Hi, @Filippo_Del_Tedesco,
Welcome to the MongoDB Community Forums. I understand that you have a question on how you should handle MongoWriteConcernException
. I wish that I had a simple answer or code snippet to share, but unfortunately it really depends on the durability guarantees that your application requires. Let me explain the mental model and hopefully that will assist in your decisions.
Writes to MongoDB clusters are routed to the primary where the write is performed on the collection as well as being recorded in the oplog. (I’ll skip over journalling, checkpoints, and related details. These mechanisms ensure that acknowledged writes to a single node are committed to disk even in the event of a failure.) The oplog entries are replicated to the secondaries where they are also applied. The oplog is a serialized stream of write operations that are ordered in time. By applying a write concern such as w: 2
, you are requesting that the primary only acknowledge the write (with a response of ok:1
) after at least two cluster nodes have applied the write (e.g. the primary and at least one secondary). If the secondaries are slow to replicate the oplog entries, then the write concern can timeout resulting in a MongoWriteConcernException
. The write still happened on the primary, but none of the secondaries were able to replicate the write within the time limit. If the write had failed on the primary, you would have received a different error message such as MongoDuplicateKeyException
.
The oplog entry is still on the primary. The secondaries might have even replicated said oplog entry but haven’t applied it yet. Assuming that no cluster members crash, that oplog entry will eventually get applied.
But what happens if the primary crashes? In that case the remaining members will elect a new primary. Which member will be elected is influenced by which secondary has the most recent data. (e.g. Which oplog entries has it applied.)

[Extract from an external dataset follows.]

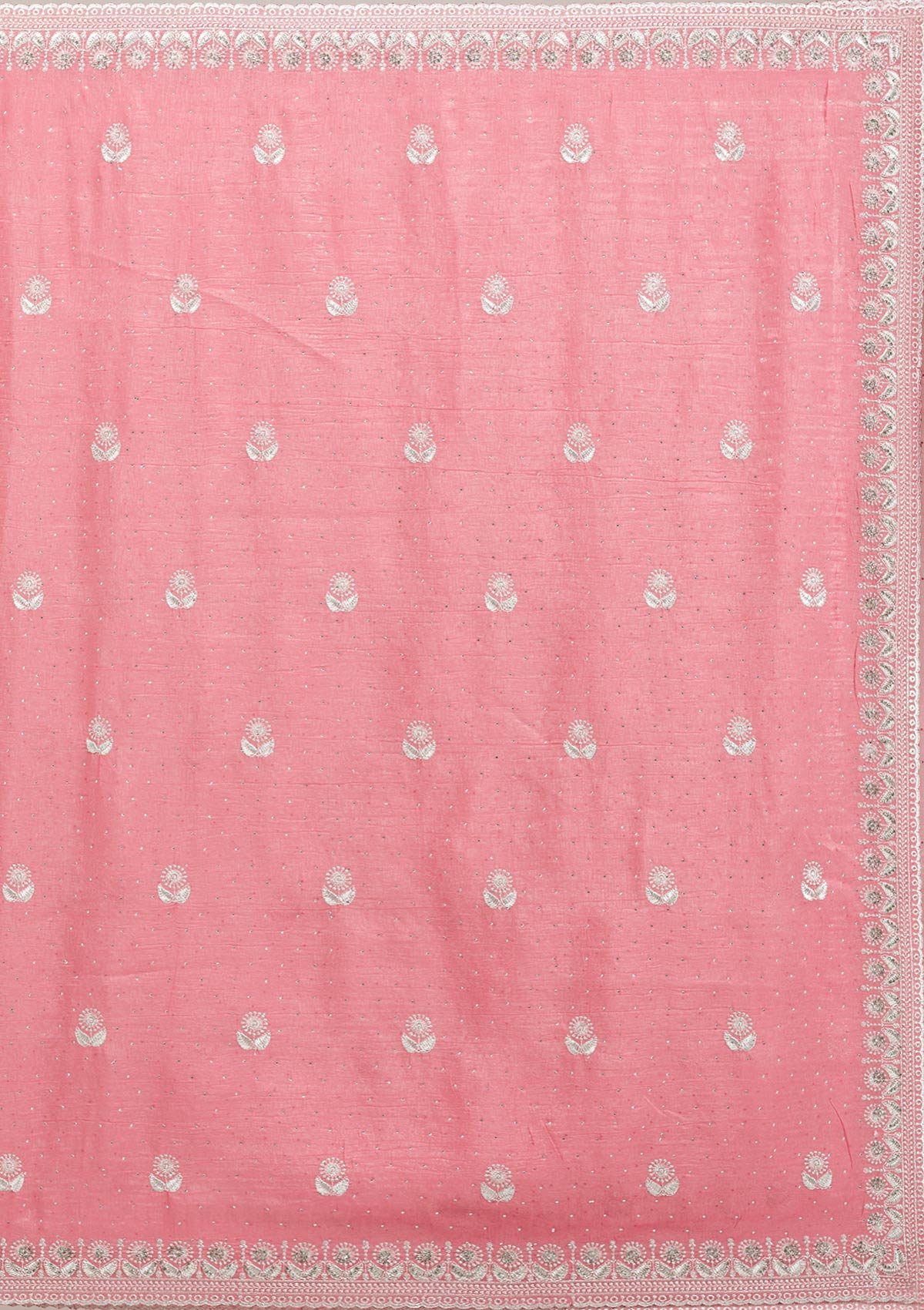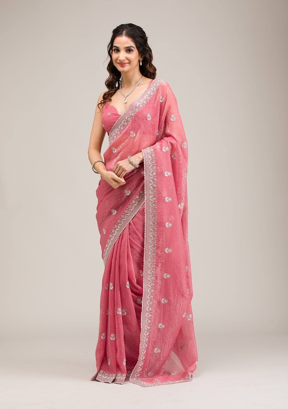 Elegant Pink Tissue Saree with Intricate Zari Work

This is where things become complicated. Let’s say you have performed writes w1
and w2
to the primary (node-a) and both return a MongoWriteConcernException
. The NIC on node-a then fails. node-b replicated w1
(but after MongoWriteConcernException
happened), but not w2
. node-c has neither write. node-b is elected the new primary (because it has applied more of the oplog). node-a’s NIC is replaced and comes back online. It rejoins as a secondary, realizes that w2
was never replicated before it crashed and undoes that change before re-joining the cluster as a secondary.
In the absence of node or network failures, writes that result in MongoWriteConcernException
will eventually be replicated to other nodes - just not within the time limit of the write acknowledgement. But in the face of node or network failures, you can’t be certain.
How do you handle this in your application? If you must guarantee that writes succeed even in the face of failures, write your writes in a transaction and don’t special case MongoWriteConcernException
. If a write returns a failure, roll it back and try again.
If your application can tolerate the occasional lost write when the primary fails, then you can rely on the eventual consistency guarantees provided by oplog replication. The result will be better performance at the cost of slightly lower durability guarantees.
A middle ground could be special-casing verification logic in your MongoWriteConcernException
handler. You would have to think through what compensation logic you would implement if the write existed on the primary but had not yet replicated to the secondary. Or how to handle the situation where the write doesn’t exist on the new primary (because that oplog didn’t get replicated before the original primary lost connectivity) but your app node crashes while performing the compensating write. Did the compensating write succeed before the app node crash? Did it fail? How can you tell when the app recovers?
Hopefully this explanation provides you the mental model that you need to make the correct design choices for your application.
Sincerely,
James